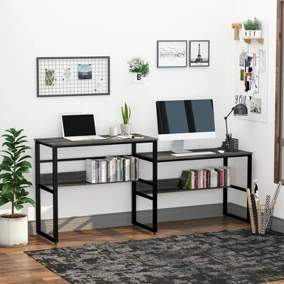 The HomCom computer desk is designed to be a stunning focal point in your contemporary home, office, or study. The simple and stylish piece features unique clean lines. This office desk comes with surfaces, one with higher height (37.5″ H) and one with a lower height (29.5″ H), meaning it can accommodate two people to work or study at the same time. It also can be used as office desk. Durable premium particle board construction with a black finish offers years of reliable use and prevent your skin from being scratched effectively. Add this double sided desk to your working space and start living more efficiently.
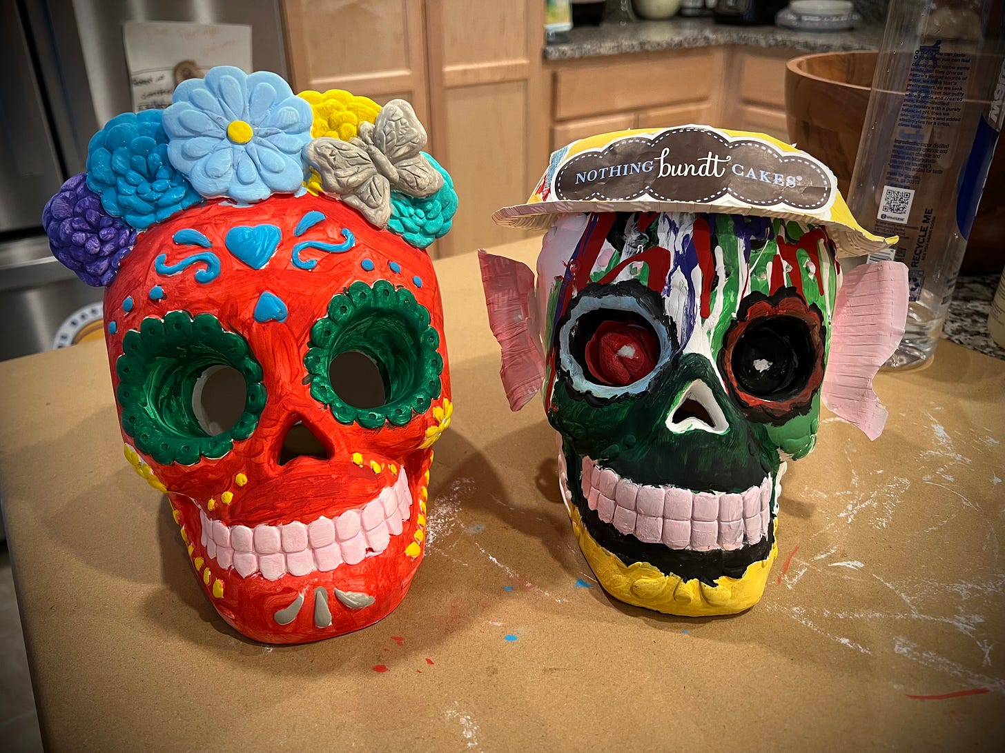 We’ve tried to blend—hasn’t gone amazing. First I came over to paint sugar skulls for Dia de los Muertos. Everyone—aunties, cousins, girlfriend, girlfriend’s daughter, me—painting sugar skulls. The paint on my sugar skull was expressionistic. I didn’t know where I was going having zero paint-a-sugar-skull priors. I had bottle caps for eyes. There was a paper plate hat. When all the sugar skulls were finished, my girlfriend’s daughter was asked what she thought of mine. You don’t know hope’s opposite until a black-eyed eleven year old tells your future familia she wants to destroy your art.
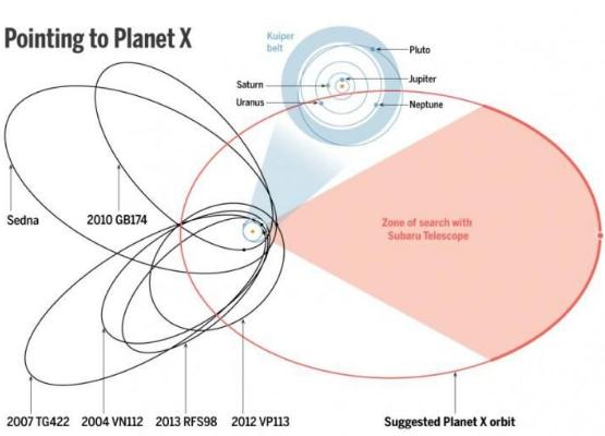 隨后,天文學(xué)家又發(fā)現大量類(lèi)似于賽德娜的小行星都具有很大的軌道傾角(幾乎與地球公轉軌道面成 50 度)。于是天文學(xué)家猜測,在海王星外的柯伊伯帶,應該有一個(gè)質(zhì)量比較大的天體將賽德娜等小行星拖到了高軌道夾角的位置。

Exercise = Give again, word for word, the lines above from the one with "We’ve tried to" through the final line of the data, both ends included. Do not copy any picture.

Solved exercise =
 We’ve tried to blend—hasn’t gone amazing. First I came over to paint sugar skulls for Dia de los Muertos. Everyone—aunties, cousins, girlfriend, girlfriend’s daughter, me—painting sugar skulls. The paint on my sugar skull was expressionistic. I didn’t know where I was going having zero paint-a-sugar-skull priors. I had bottle caps for eyes. There was a paper plate hat. When all the sugar skulls were finished, my girlfriend’s daughter was asked what she thought of mine. You don’t know hope’s opposite until a black-eyed eleven year old tells your future familia she wants to destroy your art.
 隨后,天文學(xué)家又發(fā)現大量類(lèi)似于賽德娜的小行星都具有很大的軌道傾角(幾乎與地球公轉軌道面成 50 度)。于是天文學(xué)家猜測,在海王星外的柯伊伯帶,應該有一個(gè)質(zhì)量比較大的天體將賽德娜等小行星拖到了高軌道夾角的位置。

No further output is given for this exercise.